Question

The maximum value of ${\left(\frac{1}{x}\right)}^x$ is
(a) e (b) e^e (c) e^1/e (d) ${\left(\frac{1}{e}\right)}^{1/e}$

Answer 1

Let $f\left(x\right)={\left(\frac{1}{x}\right)}^x$.

$f\left(x\right)={\left(\frac{1}{x}\right)}^x$

$\Rightarrow \log f\left(x\right)=\log {\left(\frac{1}{x}\right)}^x$

$\Rightarrow \log f\left(x\right)=x\log \left(\frac{1}{x}\right)$

$\Rightarrow \log f\left(x\right)=-x\log x$

Differentiating both sides with respect to x, we get

$\frac{1}{f\left(x\right)}\times f\text{'}\left(x\right)=-\left(x\times \frac{1}{x}+\log x\times 1\right)$

$\Rightarrow f\text{'}\left(x\right)=-{\left(\frac{1}{x}\right)}^x\left(1+\log x\right)$ .....(1)

For maxima or minima,

$f\text{'}\left(x\right)=0$

$\Rightarrow -{\left(\frac{1}{x}\right)}^x\left(1+\log x\right)=0$

$\Rightarrow 1+\log x=0\left[{\left(\frac{1}{x}\right)}^x>0\right]$

$\Rightarrow \log x=-1$

$\Rightarrow x=e^{-1}=\frac{1}{e}$

Now,

$f\text{'}\text{'}\left(x\right)=-\left[{\left(\frac{1}{x}\right)}^x\times \frac{1}{x}+\left(1+\log x\right)\times \left\{-{\left(\frac{1}{x}\right)}^x\left(1+\log x\right)\right\}\right]$ [Using (1)]

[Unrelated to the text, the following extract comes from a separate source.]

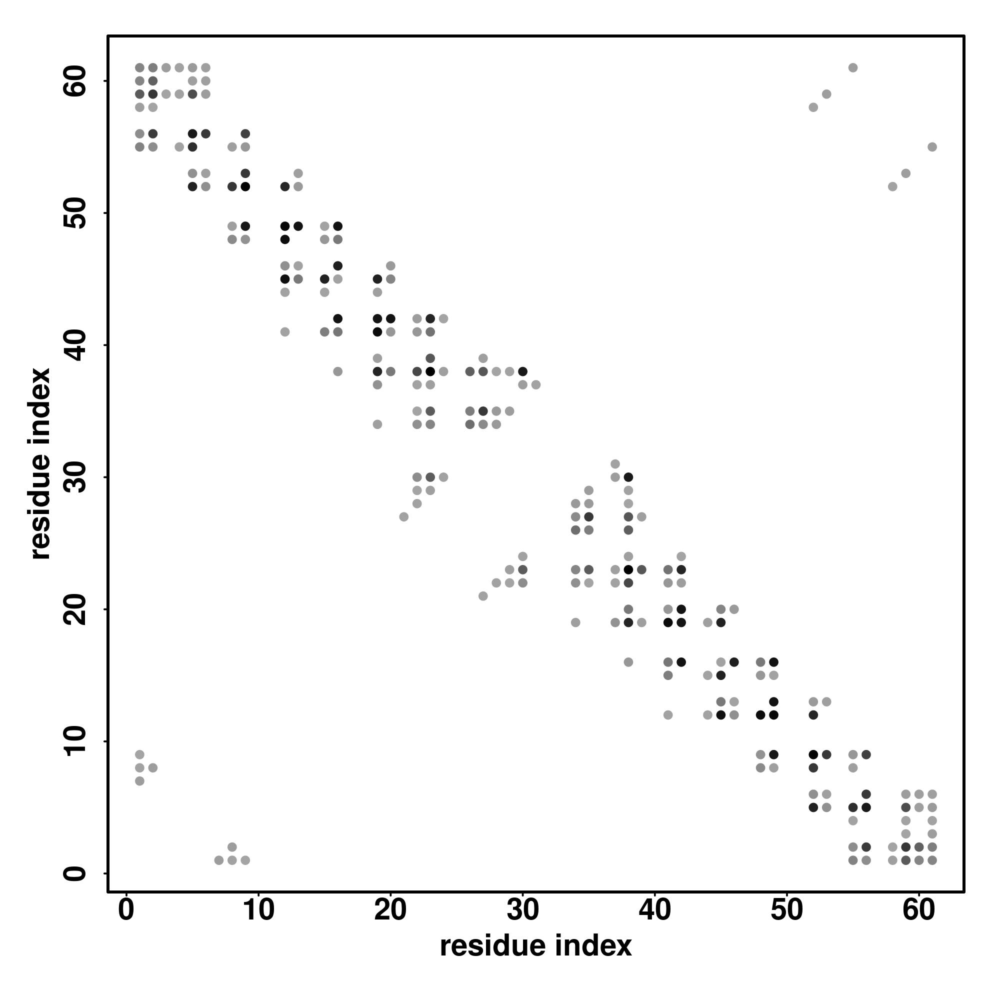 For the contact map, each dot represents a residue pair with predicted contact,

$\Rightarrow f\text{'}\text{'}\left(\frac{1}{e}\right)=-\left[{\left(e\right)}^{\frac{1}{e}}\times e+\left(1+\log \frac{1}{e}\right)\times \left\{-{\left(e\right)}^{\frac{1}{e}}\left(1+\log \frac{1}{e}\right)\right\}\right]$ $\left(\log \frac{1}{e}=\log e^{-1}=-1\right)$

$\Rightarrow f\text{'}\text{'}\left(\frac{1}{e}\right)=-e^{\frac{1}{e}+1}-0=-e^{\frac{1}{e}+1}$

$\Rightarrow f\text{'}\text{'}\left(\frac{1}{e}\right)<0$

So, $x=\frac{1}{e}$ is the point of local maximum of f(x).

∴ Maximum value of f(x) = ${\left(\frac{1}{{\displaystyle \frac{1}{e}}}\right)}^{\frac{1}{e}}=e^{\frac{1}{e}}$

Thus, the maximum value of ${\left(\frac{1}{x}\right)}^x$ is $e^{\frac{1}{e}}$.

Hence, the correct answer is option (c).